• Wer von euch kennt Edgar Hilsenrath, hat etwas von ihm gelesen und kann darüber berichten?


    Ich wurde über einen Artikel in der Zeitschrift "knack" auf ihn aufmerksam, der anlässlich der niederländischen Übersetzung des Romans "Nacht" erschien - ein Artikel, der mich erschütterte aber auch tief beeindruckte.


    Grüße, FA

    Daß man gegen seine Handlungen keine Feigheit begeht! daß man sie nicht hinterdrein im Stiche läßt! - Der Gewissensbiß ist unanständig. - Friedrich Nietzsche - Götzen-Dämmerung, Spruch 10

  • Oh ja, Hilsenrath, wenn ich an "Das Märchen vom letzten Gedanken" denke, läuft mir immer noch ein kalter Schauer über, ganz klasse! :klatschen:

    Man muss noch Chaos in sich haben, um einen tanzenden Stern gebären zu können. Nietzsche in "Also sprach Zarathustra"

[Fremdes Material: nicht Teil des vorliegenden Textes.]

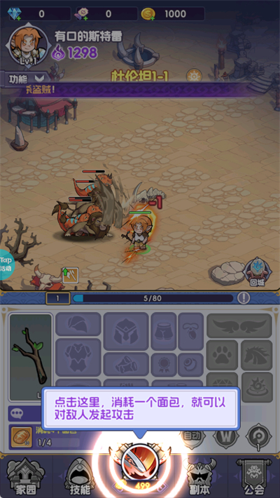 2、点击下方的攻击键消耗面包进行攻击。

  • Hallo Friedrich-Arthur,


    Hilsenrath ist einer meiner absoluten Lieblinge, es hat noch nie und wird auch nie eine Wohnung ohne H. in meinem Leben geben! Der Nazi und der Friseur ist wunderbar. Du musst die ganze Zeit lachen und doch ist es ein Buch über den Holocaust. Er beginnt folgendermaßen:


    Zitat

    Ich bin Max Schulz, unehelicher, wenn auch rein arischer Sohn der Minna Schulz... zur Zeit meiner Geburt Dienstmädchen im Hause des jüdischen Pelzhändlers Abramowitz. An meiner rein arischen Herkunft ist nicht zu zweifeln, da der Stammbaum meiner Mutter, also der Minna Schulz, zwar nicht bis zur Schlacht im Teutoburger Walde, aber immerhin bis zu Friedrich dem Großen verfolgt werden kann. Wer mein Vater war, kann ich nicht mit Bestimmtheit sagen, aber er war bestimmt einer von den fünfen: der Fleischer Hubert Nagler, der Schlossermeister Franz Heinrich Wieland, der Maurergehilfe Hans Huber, der Kutscher Wilhelm Hopfenstange oder der Hausdiener Adalbert Hennemann.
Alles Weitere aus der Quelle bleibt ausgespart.